### What you will do
From the listing below, reproduce exactly the lines starting with the one with "в ряд уровней!" and going on through the one with "台風で破損した防火扉を交換し", both ends kept. No picture is copied.

### Information shown
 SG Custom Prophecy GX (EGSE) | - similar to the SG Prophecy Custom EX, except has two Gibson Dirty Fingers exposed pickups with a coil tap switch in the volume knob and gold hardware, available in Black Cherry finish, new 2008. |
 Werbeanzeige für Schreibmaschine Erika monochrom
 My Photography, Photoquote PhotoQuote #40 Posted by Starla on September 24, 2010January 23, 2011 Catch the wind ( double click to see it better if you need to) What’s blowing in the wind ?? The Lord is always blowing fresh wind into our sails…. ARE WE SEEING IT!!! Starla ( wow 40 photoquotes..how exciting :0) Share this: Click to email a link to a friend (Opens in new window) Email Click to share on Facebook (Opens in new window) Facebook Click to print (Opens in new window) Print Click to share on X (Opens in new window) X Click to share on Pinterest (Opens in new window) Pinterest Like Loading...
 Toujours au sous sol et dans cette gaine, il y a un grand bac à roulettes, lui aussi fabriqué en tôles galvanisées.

...

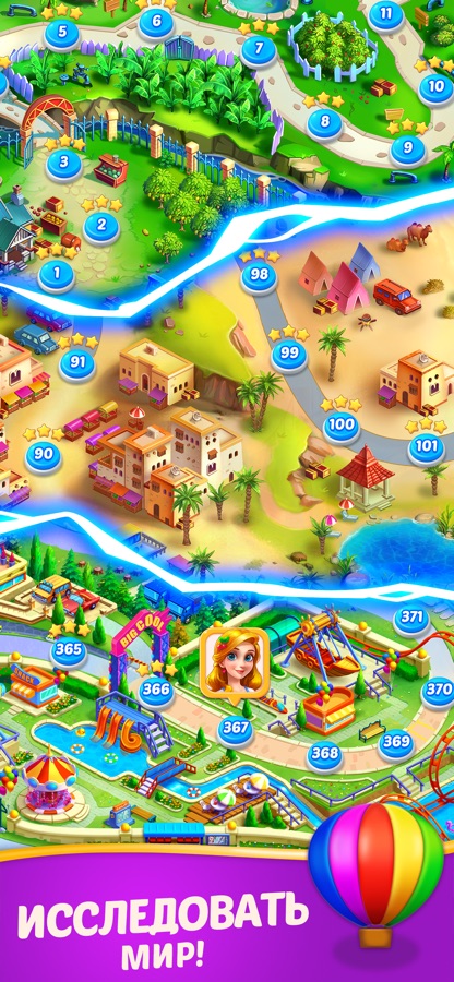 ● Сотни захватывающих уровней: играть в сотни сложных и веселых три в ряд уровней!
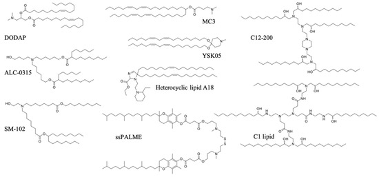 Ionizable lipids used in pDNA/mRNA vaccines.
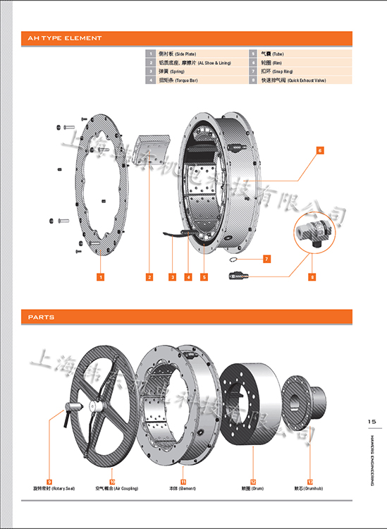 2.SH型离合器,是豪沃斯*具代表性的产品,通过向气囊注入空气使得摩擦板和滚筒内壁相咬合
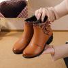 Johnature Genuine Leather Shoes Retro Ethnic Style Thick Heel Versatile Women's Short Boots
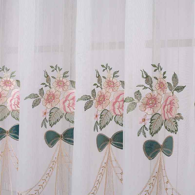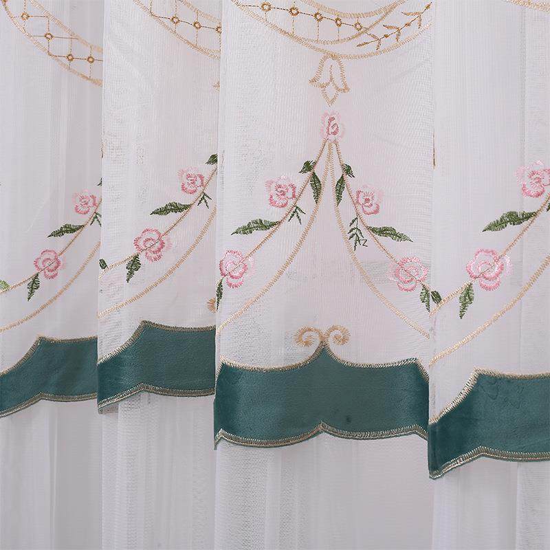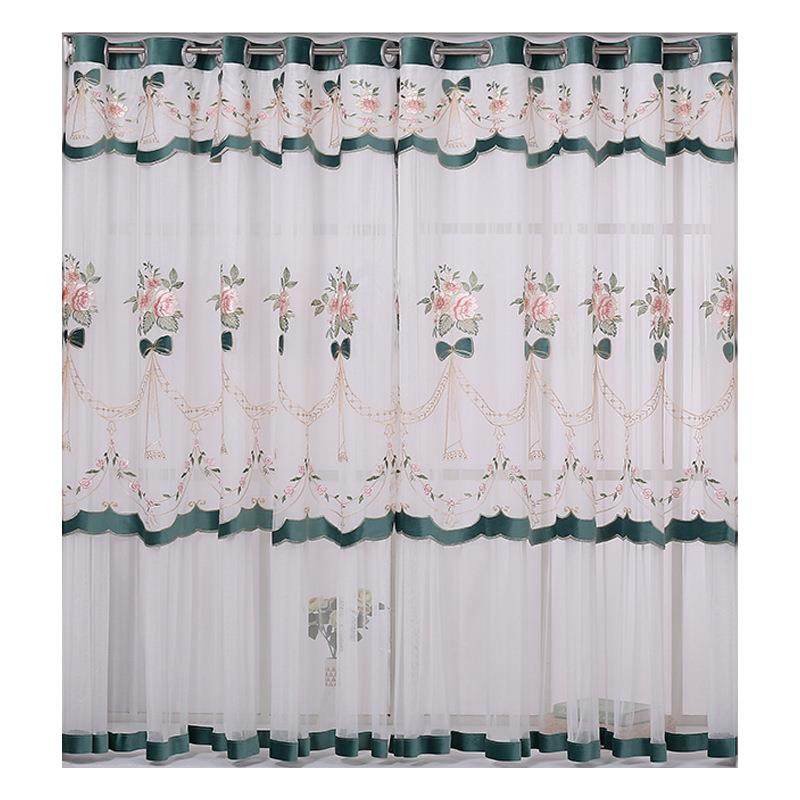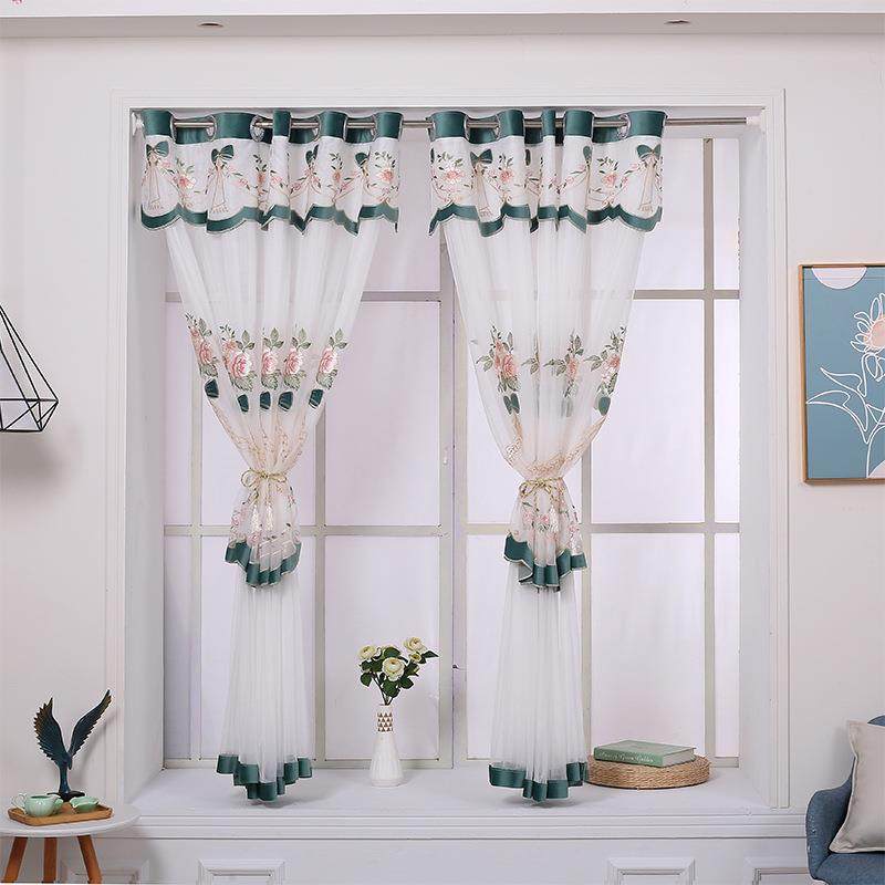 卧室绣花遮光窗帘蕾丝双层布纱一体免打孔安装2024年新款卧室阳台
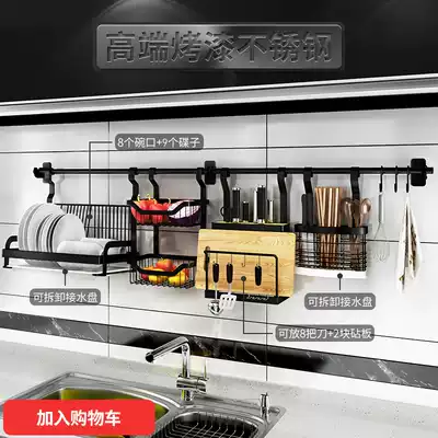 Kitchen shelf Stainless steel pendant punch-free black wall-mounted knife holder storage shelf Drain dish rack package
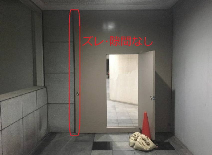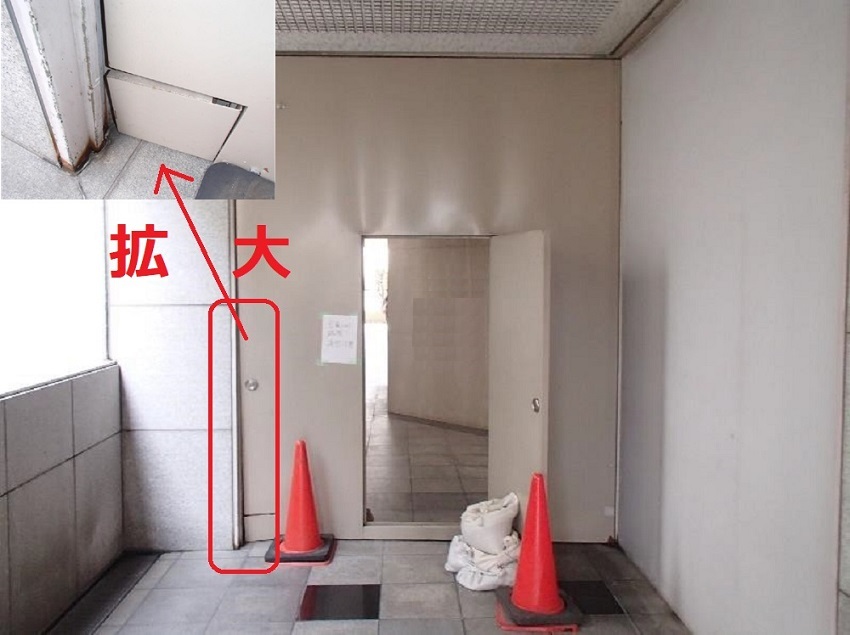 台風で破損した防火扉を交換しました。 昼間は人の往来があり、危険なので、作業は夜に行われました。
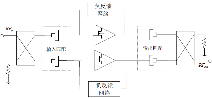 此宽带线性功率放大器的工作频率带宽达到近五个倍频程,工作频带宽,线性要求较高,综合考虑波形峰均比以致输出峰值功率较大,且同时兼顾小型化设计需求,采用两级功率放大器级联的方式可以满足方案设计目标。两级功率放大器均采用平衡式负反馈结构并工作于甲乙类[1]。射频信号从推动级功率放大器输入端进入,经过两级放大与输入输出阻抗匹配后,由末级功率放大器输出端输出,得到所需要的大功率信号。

* * *

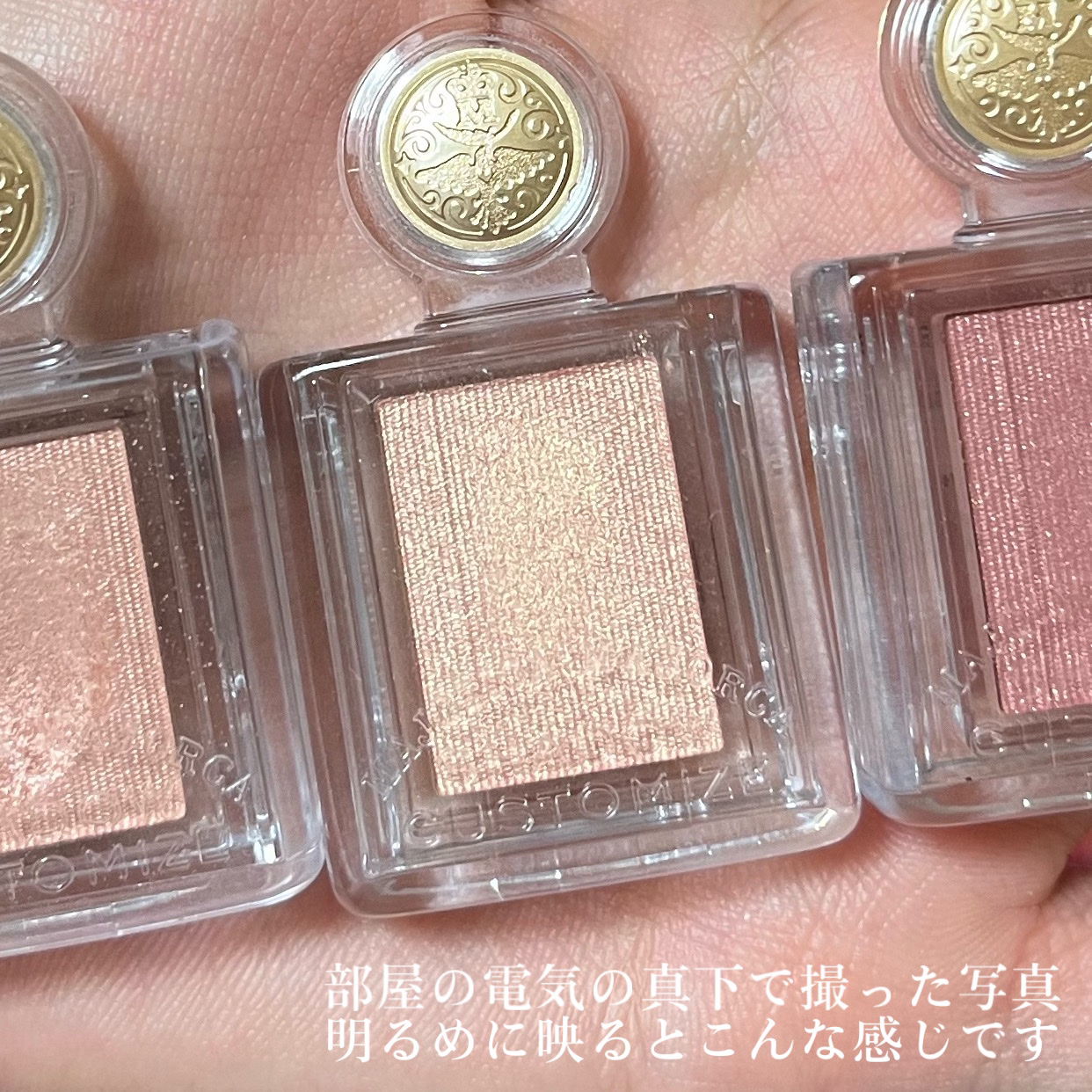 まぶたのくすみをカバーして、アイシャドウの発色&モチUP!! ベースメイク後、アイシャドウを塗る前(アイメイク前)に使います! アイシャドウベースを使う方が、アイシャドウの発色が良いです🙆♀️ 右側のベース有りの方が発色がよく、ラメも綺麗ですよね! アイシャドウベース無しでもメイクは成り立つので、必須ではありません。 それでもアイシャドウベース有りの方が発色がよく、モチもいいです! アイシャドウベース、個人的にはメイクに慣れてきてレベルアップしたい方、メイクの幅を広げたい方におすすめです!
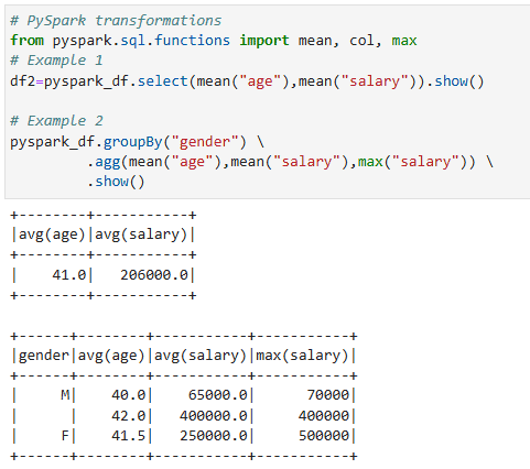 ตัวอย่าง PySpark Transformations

### Result for this exercise
 ● Сотни захватывающих уровней: играть в сотни сложных и веселых три в ряд уровней!
 Ionizable lipids used in pDNA/mRNA vaccines.
 2.SH型离合器,是豪沃斯*具代表性的产品,通过向气囊注入空气使得摩擦板和滚筒内壁相咬合
 Johnature Genuine Leather Shoes Retro Ethnic Style Thick Heel Versatile Women's Short Boots
 卧室绣花遮光窗帘蕾丝双层布纱一体免打孔安装2024年新款卧室阳台
 Kitchen shelf Stainless steel pendant punch-free black wall-mounted knife holder storage shelf Drain dish rack package
 台風で破損した防火扉を交換しました。 昼間は人の往来があり、危険なので、作業は夜に行われました。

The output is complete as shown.